Aim of the task
Wherever the line that contains "WHO(世界保健機関)が定め" falls, repeat it and the lines after it exactly until the records end, without any pictures.

Records excerpted from a collection
Segment Open

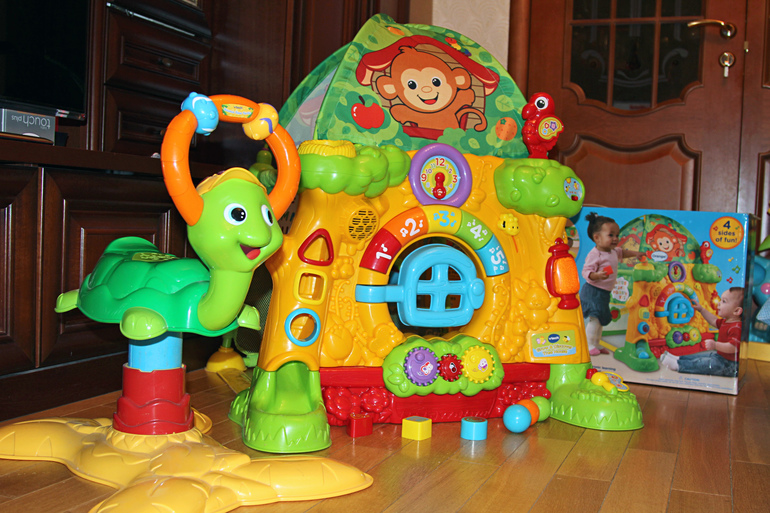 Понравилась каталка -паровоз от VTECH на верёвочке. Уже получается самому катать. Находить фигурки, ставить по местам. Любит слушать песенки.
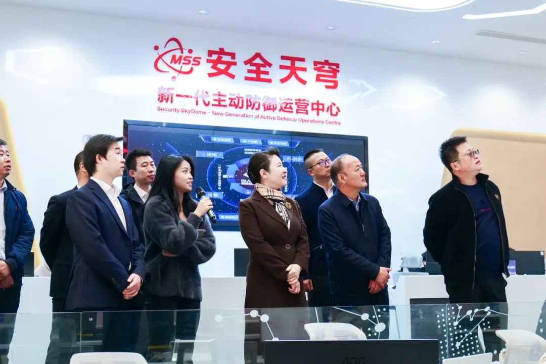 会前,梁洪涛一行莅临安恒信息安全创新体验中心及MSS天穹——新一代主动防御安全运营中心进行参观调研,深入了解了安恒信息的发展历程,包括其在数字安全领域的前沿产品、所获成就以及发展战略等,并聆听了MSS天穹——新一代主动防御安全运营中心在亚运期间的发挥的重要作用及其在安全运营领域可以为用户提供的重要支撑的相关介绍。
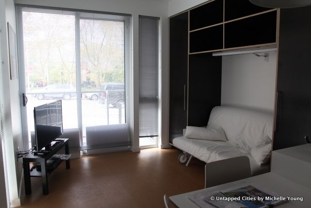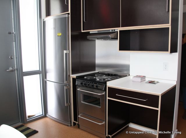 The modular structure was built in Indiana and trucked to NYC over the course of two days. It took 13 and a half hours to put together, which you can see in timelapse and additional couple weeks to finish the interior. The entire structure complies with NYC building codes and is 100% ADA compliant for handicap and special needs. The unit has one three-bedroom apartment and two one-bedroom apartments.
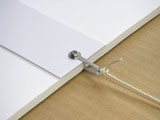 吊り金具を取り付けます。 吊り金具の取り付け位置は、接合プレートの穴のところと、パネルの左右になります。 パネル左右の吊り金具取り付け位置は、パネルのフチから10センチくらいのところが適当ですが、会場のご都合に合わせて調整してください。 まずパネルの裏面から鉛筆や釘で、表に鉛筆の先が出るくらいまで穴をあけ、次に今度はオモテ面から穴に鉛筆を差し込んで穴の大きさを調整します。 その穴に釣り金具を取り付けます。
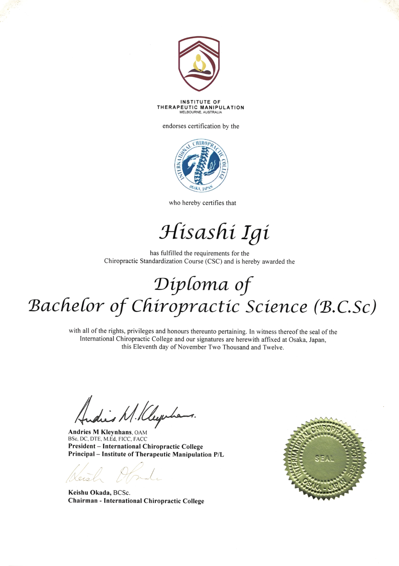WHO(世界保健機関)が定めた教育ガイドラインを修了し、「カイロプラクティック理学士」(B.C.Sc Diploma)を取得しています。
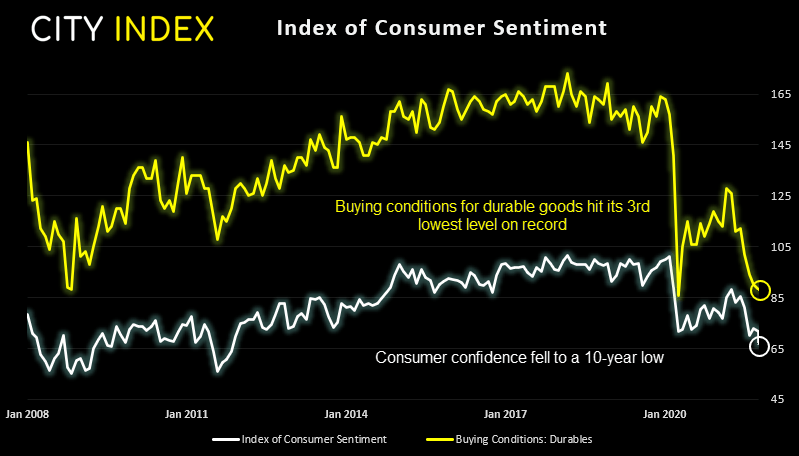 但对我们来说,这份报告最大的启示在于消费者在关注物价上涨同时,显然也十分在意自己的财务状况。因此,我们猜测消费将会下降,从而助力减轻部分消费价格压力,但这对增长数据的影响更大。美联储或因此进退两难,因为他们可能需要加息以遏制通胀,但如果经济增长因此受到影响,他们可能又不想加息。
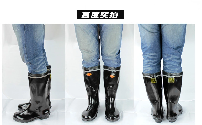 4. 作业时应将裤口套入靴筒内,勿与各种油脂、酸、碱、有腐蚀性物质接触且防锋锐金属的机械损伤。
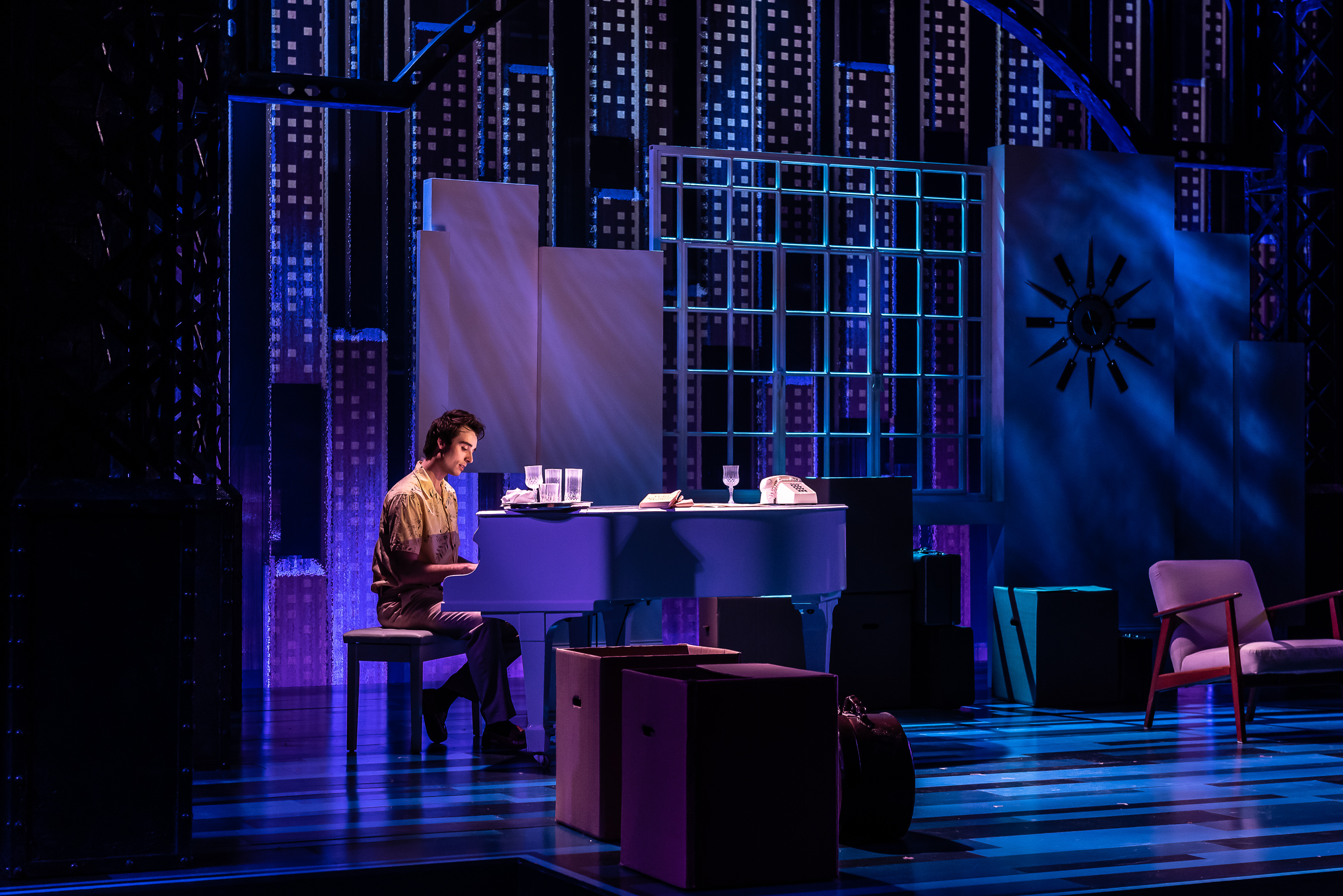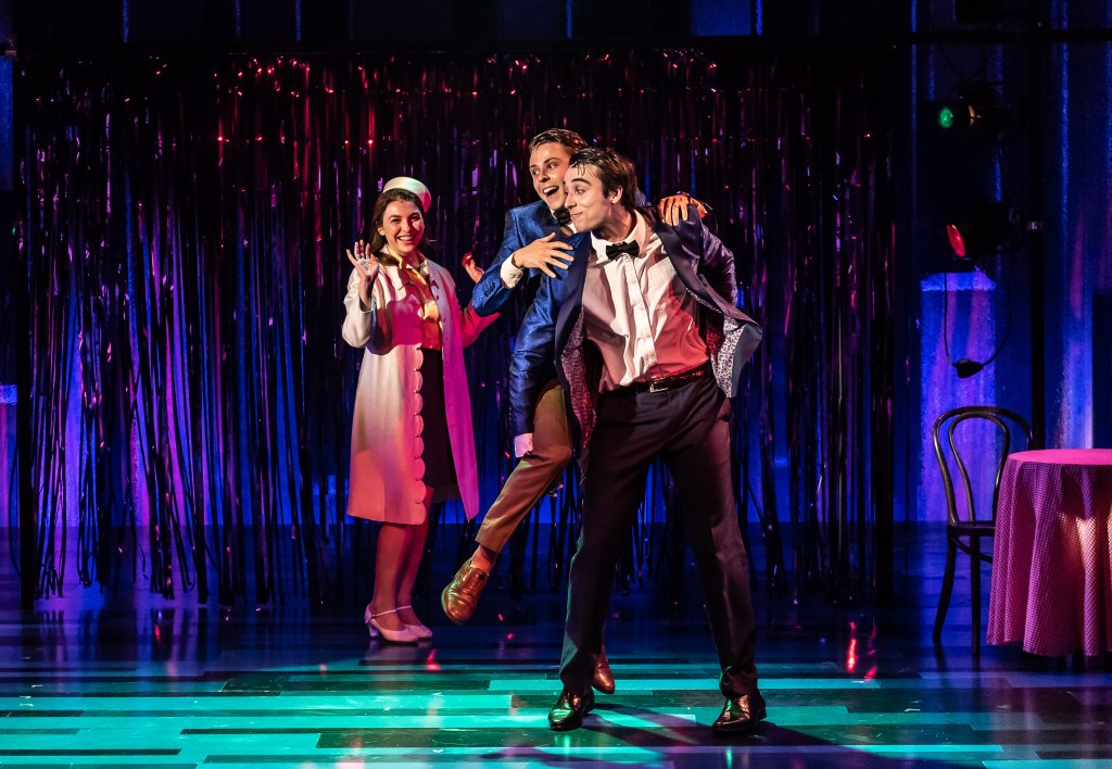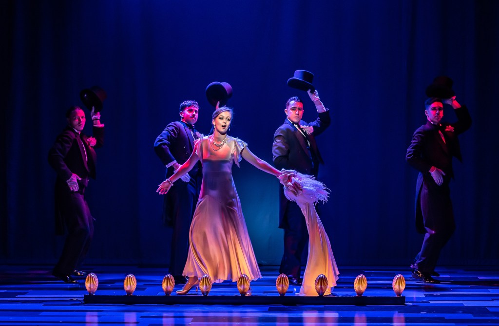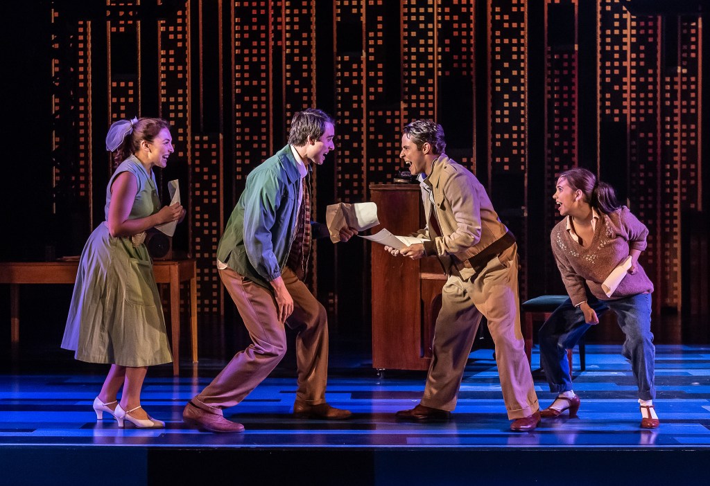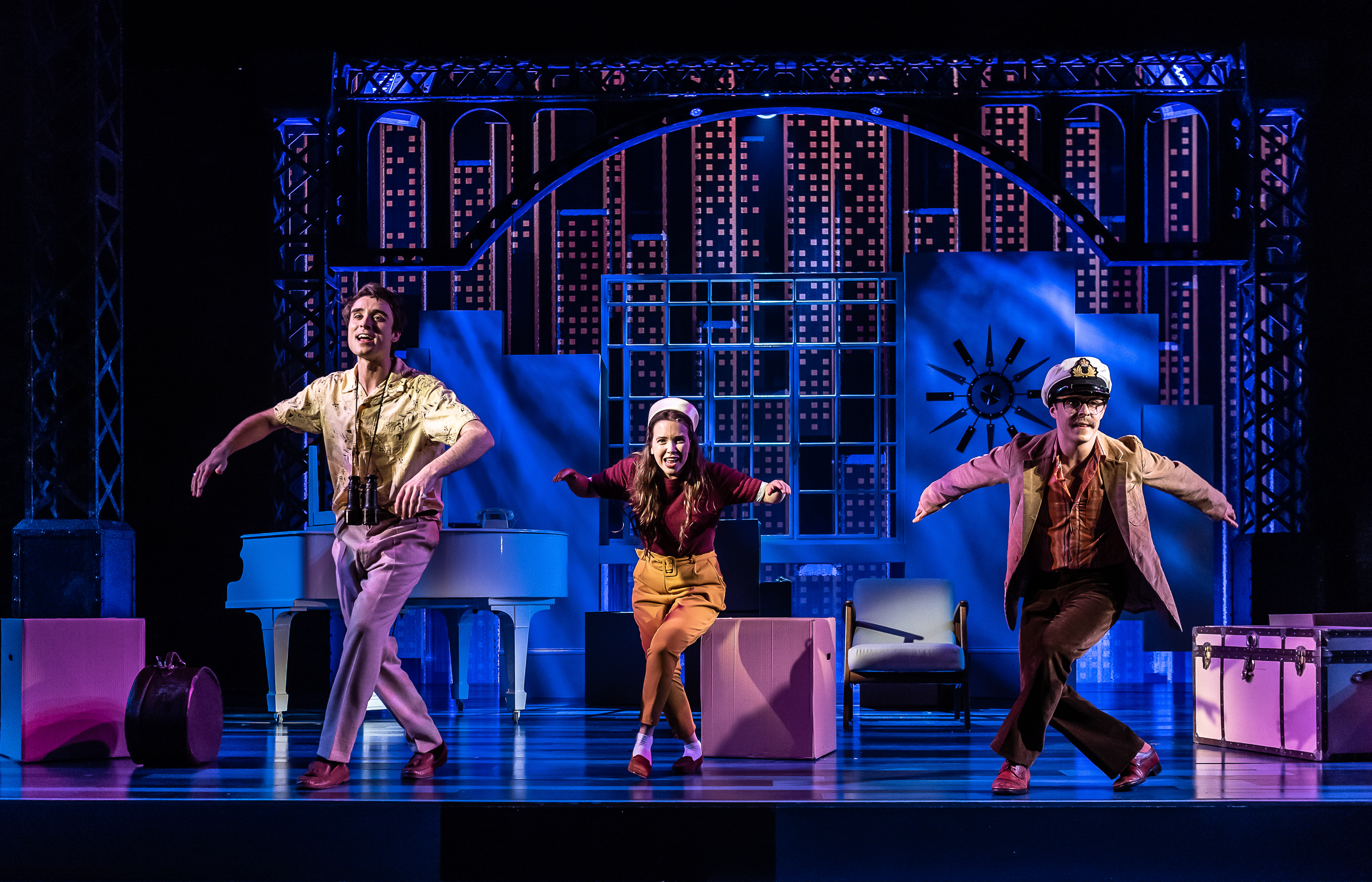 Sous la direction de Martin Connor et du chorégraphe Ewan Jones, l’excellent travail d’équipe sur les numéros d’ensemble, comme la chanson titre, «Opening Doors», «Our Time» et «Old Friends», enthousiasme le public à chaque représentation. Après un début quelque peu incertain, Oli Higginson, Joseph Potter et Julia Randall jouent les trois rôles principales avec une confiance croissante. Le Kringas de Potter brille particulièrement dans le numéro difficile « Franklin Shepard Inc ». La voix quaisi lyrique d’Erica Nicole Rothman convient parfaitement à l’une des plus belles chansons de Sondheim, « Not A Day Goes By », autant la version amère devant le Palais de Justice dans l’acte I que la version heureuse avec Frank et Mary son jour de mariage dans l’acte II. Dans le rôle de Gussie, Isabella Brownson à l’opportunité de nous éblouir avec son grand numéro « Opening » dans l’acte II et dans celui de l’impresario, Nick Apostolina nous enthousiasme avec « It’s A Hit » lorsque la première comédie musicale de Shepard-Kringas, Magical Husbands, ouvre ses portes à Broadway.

Segment Closed

Written response
WHO(世界保健機関)が定めた教育ガイドラインを修了し、「カイロプラクティック理学士」(B.C.Sc Diploma)を取得しています。
 但对我们来说,这份报告最大的启示在于消费者在关注物价上涨同时,显然也十分在意自己的财务状况。因此,我们猜测消费将会下降,从而助力减轻部分消费价格压力,但这对增长数据的影响更大。美联储或因此进退两难,因为他们可能需要加息以遏制通胀,但如果经济增长因此受到影响,他们可能又不想加息。
 4. 作业时应将裤口套入靴筒内,勿与各种油脂、酸、碱、有腐蚀性物质接触且防锋锐金属的机械损伤。
 Sous la direction de Martin Connor et du chorégraphe Ewan Jones, l’excellent travail d’équipe sur les numéros d’ensemble, comme la chanson titre, «Opening Doors», «Our Time» et «Old Friends», enthousiasme le public à chaque représentation. Après un début quelque peu incertain, Oli Higginson, Joseph Potter et Julia Randall jouent les trois rôles principales avec une confiance croissante. Le Kringas de Potter brille particulièrement dans le numéro difficile « Franklin Shepard Inc ». La voix quaisi lyrique d’Erica Nicole Rothman convient parfaitement à l’une des plus belles chansons de Sondheim, « Not A Day Goes By », autant la version amère devant le Palais de Justice dans l’acte I que la version heureuse avec Frank et Mary son jour de mariage dans l’acte II. Dans le rôle de Gussie, Isabella Brownson à l’opportunité de nous éblouir avec son grand numéro « Opening » dans l’acte II et dans celui de l’impresario, Nick Apostolina nous enthousiasme avec « It’s A Hit » lorsque la première comédie musicale de Shepard-Kringas, Magical Husbands, ouvre ses portes à Broadway.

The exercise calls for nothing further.